Which of the following statements are most probable? Which are least probable?

(a) Pia is an active feminist.

(b) Pia is a bank teller.

(c) Pia works in a small bookstore.

(d) Pia is a bank teller and an active feminist.

(e) Pia is a bank teller and an active feminist who takes yoga classes.

(f) Pia works in a small bookstore and is an active feminist who takes yoga classes. - You have been called to jury duty in a town with only green and blue taxis. Green taxis dominate the market, with 85% of the taxis on the road.
On a misty winter night a taxi sideswiped another car and drove off. A witness said it was a blue cab. This witness is tested under similar conditions, and gets the color right 80% of the time.

You conclude about the sideswiping taxi:

(a) The probability that it is blue is 80%.

(b) It is probably blue, but with a lower probability than 80%.

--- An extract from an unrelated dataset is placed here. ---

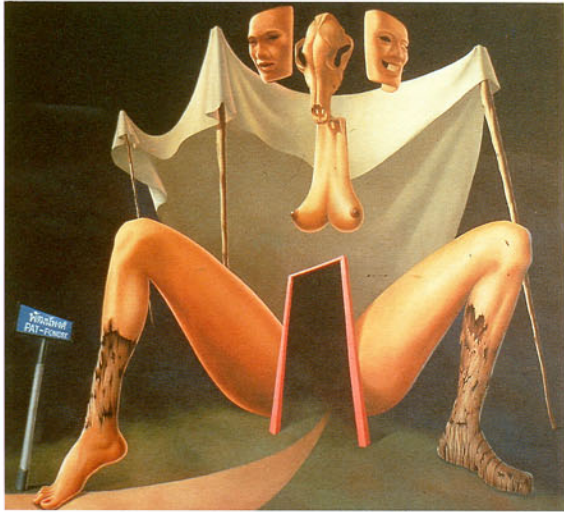
PS3 โฟศาล ชีรพงษ์วิษณุพร ถนนสายนี้ชื่อพัฒนาพงศ์ (2525)

(c) It is equally likely to be blue or green.

(d) It is more likely than not to be green. - You are a physician. You think that it’s quite likely that a patient of yours has strep throat. You take five swabs from the throat of this patient and send them to a lab for testing.
If the patient has strep throat, the lab results are right 70% of the time. If not, then the lab is right 90% of the time.

The test results come back: YES, NO, NO, YES, NO

You conclude:

(a) The results are worthless.

(b) It is likely that the patient does not have strep throat.

(c) It is slightly more likely than not that the patient does have strep throat.

(d) It is very much more likely than not that the patient does have strep throat. - In a country, all families wants a boy. They keep having babies till a boy is born. What is the expected ratio of boys and girls in the country?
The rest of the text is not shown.